What do you think are the main reasons rents in Wellington are increasing? How would you ensure rents in Wellington are affordable?

NOT ENOUGH HOUSING: Young people and renters generally don’t participate in local elections or consultations, with the voter turnout for younger demographics usually below 30%. This means council policies (e.g. District Plan, Spatial Plan, Long-term Plan, etc. ) are catered to those who do engage in local democracy, i.e. older property owners who are interested in increasing their property values.
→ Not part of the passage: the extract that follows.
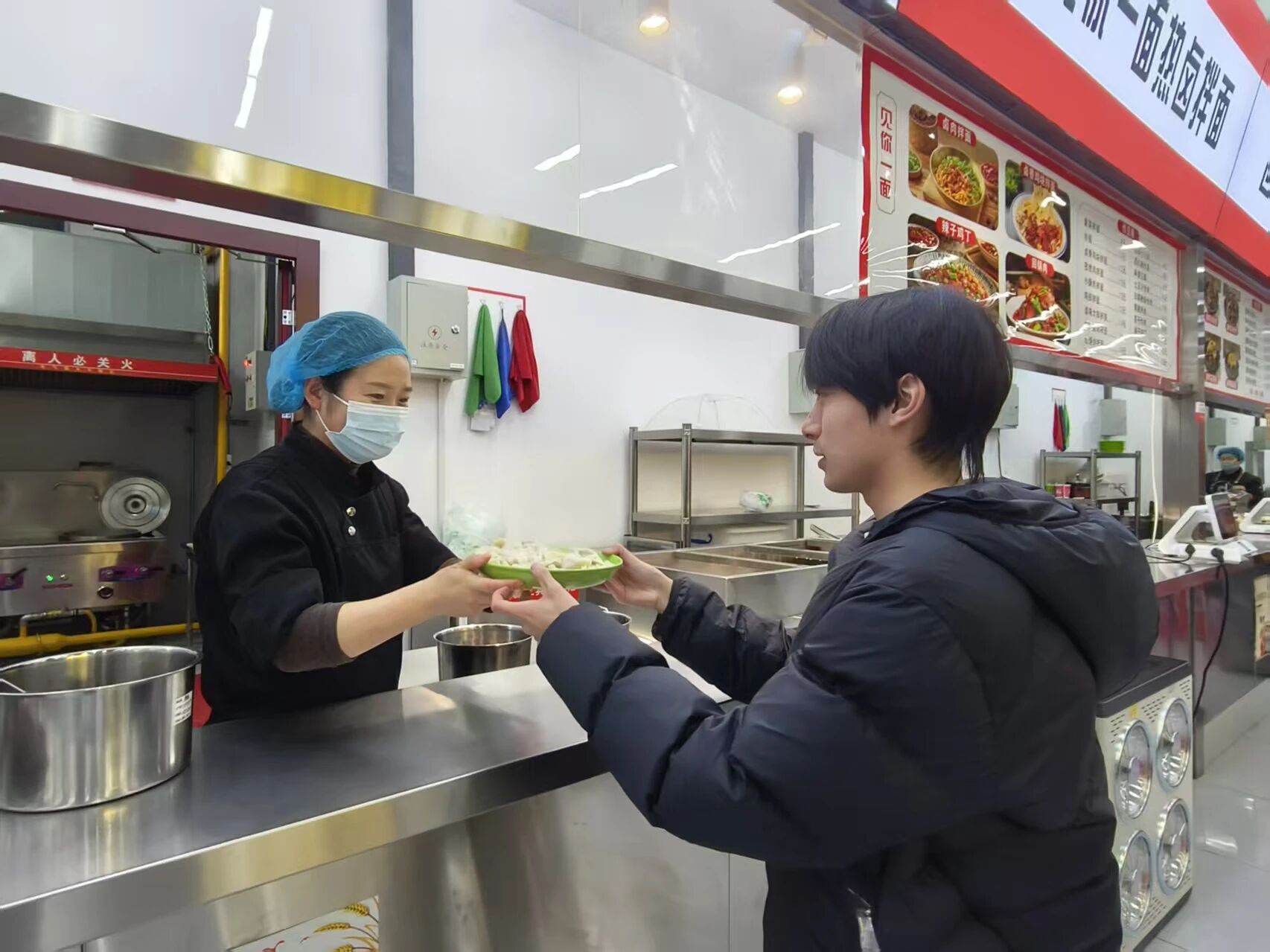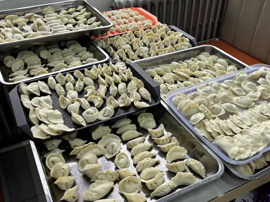食堂档口的工作人员也收到了学生送上的饺子,一份份热气腾腾的饺子,让冬日的温暖在彼此间传递。
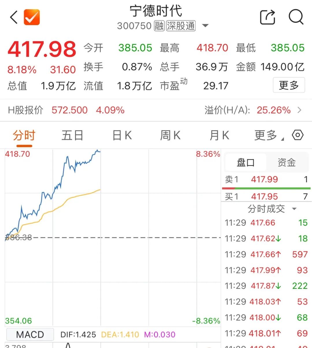 宁德时代AH股早盘联袂走高,截至午间收盘,宁德时代A股报417.98元/股,涨8.18%,总市值1.91万亿元,成交额149亿元,位居A股第一。宁德时代H股盘中涨近6%,股价最高报582港元/股。11月12日晚,海博思创披露,公司当天与宁德时代在福建省宁德市以书面方式签署了《战略合作协议》。(详见:688411“抢”电池!3年不低于200GWh!)

This distorted democracy causes councils to severely restrict housing supply by effectively banning new housing in parts of the city. This means that people are not allowed to build more housing to respond to increasing demand for housing including rental housing. This causes rental prices to increase dramatically, and even bidding wars between renters.


Safe and healthy homes

What actions (in contrast to or in conjunction with our Healthy Homes Commitment) would you take to improve the quality of private rental housing in your ward and in your city?

First and foremost, I will want more housing to be built where it is most needed. These new-builds must comply with the government’s Healthy Home standard and the latest building code.

I support the intent of of RU’s “Healthy Homes Commitment”. I am unsure that the Health act could be applied for this purpose but I think the council should make an attempt to apply the power at it might have, including the Health act, to protect the health of its residents.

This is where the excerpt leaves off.